Porsche Top 5: le vetture più coinvolgenti e avveniristiche [VIDEO]

Tra potenza e stile

Porsche Top 5 – Due nuove classifiche che uniscono storia, prestazioni e ricercatezza espressiva della casa tedesca
Porsche Top 5: le vetture più coinvolgenti e avveniristiche [VIDEO]

Non si può scindere Porsche dalla sportività, perché una parte importante della sua fama. Il costruttore tedesco però, al tempo stesso, non è solo ricerca prestazionale, ma anche concettuale. Qualità tecniche e finezze stilistiche sono protagoniste nelle due nuove classifiche della serie Porsche Top 5 dedicata alle creazioni della casa negli anni.

L’energia del marchio di Stoccarda è sintetizzata in pieno dalla prima serie, scandita dal pilota iridato e ingegnere, Marc Lieb. Quattro regine della velocità, quattro impostazioni stilistiche e meccaniche, che si dividono cinque piazzamenti. Una ne occupa due, grazie ai risultati conquistati, tra i quali un record assoluto che potrebbe restare imbattuto.

La mitica Parigi-Dakar conquistata nel 1986 dalla 959 sviluppata per l’occasione, mostra subito la versatilità in qualsiasi tipo di competizione del costruttore teutonico, capace di sfidare e ricoprire i 13.000 chilometri della manifestazione, disputata sino in epoca recente nel continente africano prima di migrare in Sud America, siglando una doppietta che è rimasta negli annali. Il dominio a Le Mans e in particolare il record firmato al Nürburgring dal tedesco Stefan Bellof in 6.11,13 a bordo della 956, una delle vetture Sport più celebri nella storia delle competizioni Endurance, consentono alla vettura di Stoccarda di ricoprire sia la quarta sia la seconda posizione in questa classifica, abbracciando metaforicamente l’altrettanto fascinosa 917/30 Spyder,impegnata in Can-Am nel 1973, grazie anche alle sue performance sui rettifili degli ovali statunitensi, raggiungendo velocità punte pari a 380 km/h all’epoca.

Al vertice, l’attuale rappresentante delle vertice tecnologico e stilistico della produzione: la 918 Spyder. Vettura protagonista quanto la 956 sul leggendario asfalto della Nordschleife, firmando il 4 settembre del 2013 un tempo di riferimento per una vettura stradale, ovvero sei minuti e 57 secondi.

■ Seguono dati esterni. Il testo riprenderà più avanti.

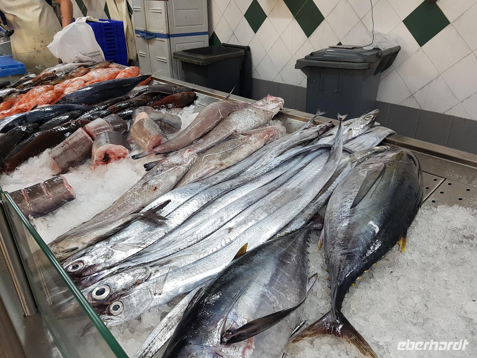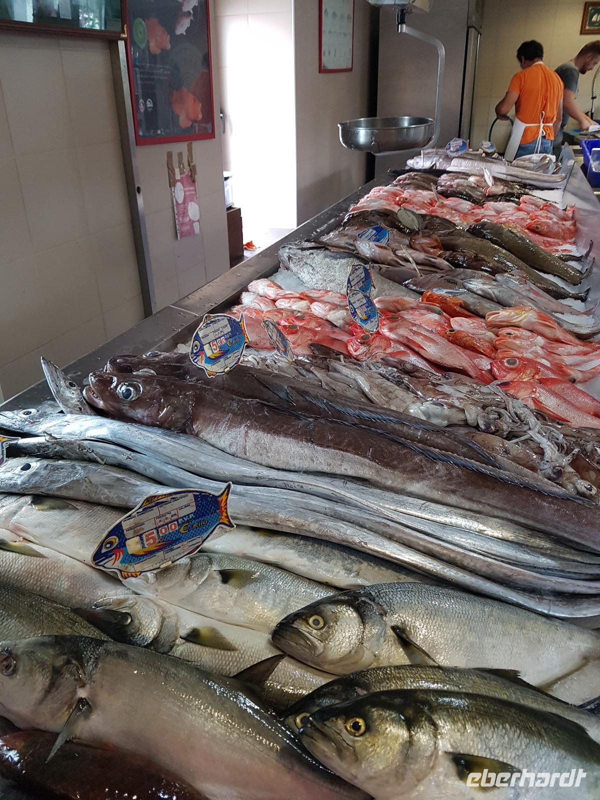 Für heute war leichter Regen vorher gesagt und so begannen wir unser Programm mit der Besichtigung einer Ananas Plantage. Nach dem Niedergang der Orangen- und Weinproduktion auf den Azoren begann der Anbau von Ananas. In 7 Schritten und 2 Jahre lang reifen die Früchte und wir konnten in den Gewächshäusern die verschiedenen Stadien sehen. Zum Schluss probierten wir den Ananas Likör. Unsere Fahrt führte weiter in den Westen der Insel, wo wir in Capelas das ethnografische Museum besuchten. In einer alten Lagerhalle waren alle möglichen Sammlerstücke aus verschiedenen Zeitepochen in kleinen "Läden"ausgestellt und an zwei alten Webstühlen wurden Auftragsarbeiten gefertigt. Weitere Fotostopps an einer steilen Küste folgten bei Sonnenschein, aber auf der Weiterfahrt hinauf waren wir in den Wolken. In Sete Cidades machten wir unsere Mittagspause und hofften auf besseres Wetter, um den Blick auf die beiden Seen im Krater zu haben. Wir spazierten nach dem Essen bis zur Brücke zwischen den Seen und fuhren dann hinauf zum Aussichtspunkt Vista do Rei am Kraterrand. Wir hatten Glück und freie Sicht hinein in den Krater. 19 Uhr trafen wir uns dann wieder, um gemeinsam zum Abendessen in die Stadt zu gehen. Nach einer kleinen Runde zu verschiedenen Restaurants entschieden wir uns für den Fischmarkt.

Inserendosi nella cerchia delle vetture più veloci sulla pista.

Assieme alla classifica delle vetture più elettrizzanti della casa, che creano anche un coinvolgimento sonoro, la casa ha diffuso anche una nuova classifica incentrata sulle concept car proposte negli anni.
Graduatoria illustrata dai Responsabili per il marchio del design esterno e di quello interno, Peter Varga e Ivo van Hulten. Si parte con la Typ 754 «T7» del 1959, spinta da un motore quattro cilindri di 2.0 litri da 130 cavalli. Auto sviluppata dallo stesso Ferdinand Porsche e caratterizzata da un’eleganza marcata e funzionale. Dotata di soluzioni e dettagli stilistici distintivi.

Subito sopra c’è la 989 Concept. Vettura a quattro porte firmata dal Dr. Ulrich Bez, che si potrebbe definire un’antesignana dell’attuale Panamera. Al terzo posto la Cayenne Cabriolet Concept. Versione scoperta del SUV tedesco risalente al 2002, caratterizzata da un design nel complesso profilato e rotondo. Sul secondo gradino del podio, quindi, la Concept che ha anticipato la 918 Spyder. Un concetto, poi tradotto nell’attuale ibrida ad elevatissime prestazioni, caratterizzata da un V8 da 3.4 litri di 500 cavalli, legato a due motori elettrici che ne sommano altri 218. Al vertice, infine, la Mission E. Study concept per quattro persone e con quattro porte, che prefigura come potrebbero essere le future sportive della casa a zero emissioni. Una vettura introdotta dalla casa al Salone di Francoforte del 2015. Pensata con un sistema motrice elettrico da 600 cavalli, alimentato da un pacco batterie ricaricabile per l’80% in un quarto d’ora, da quanto segnalato.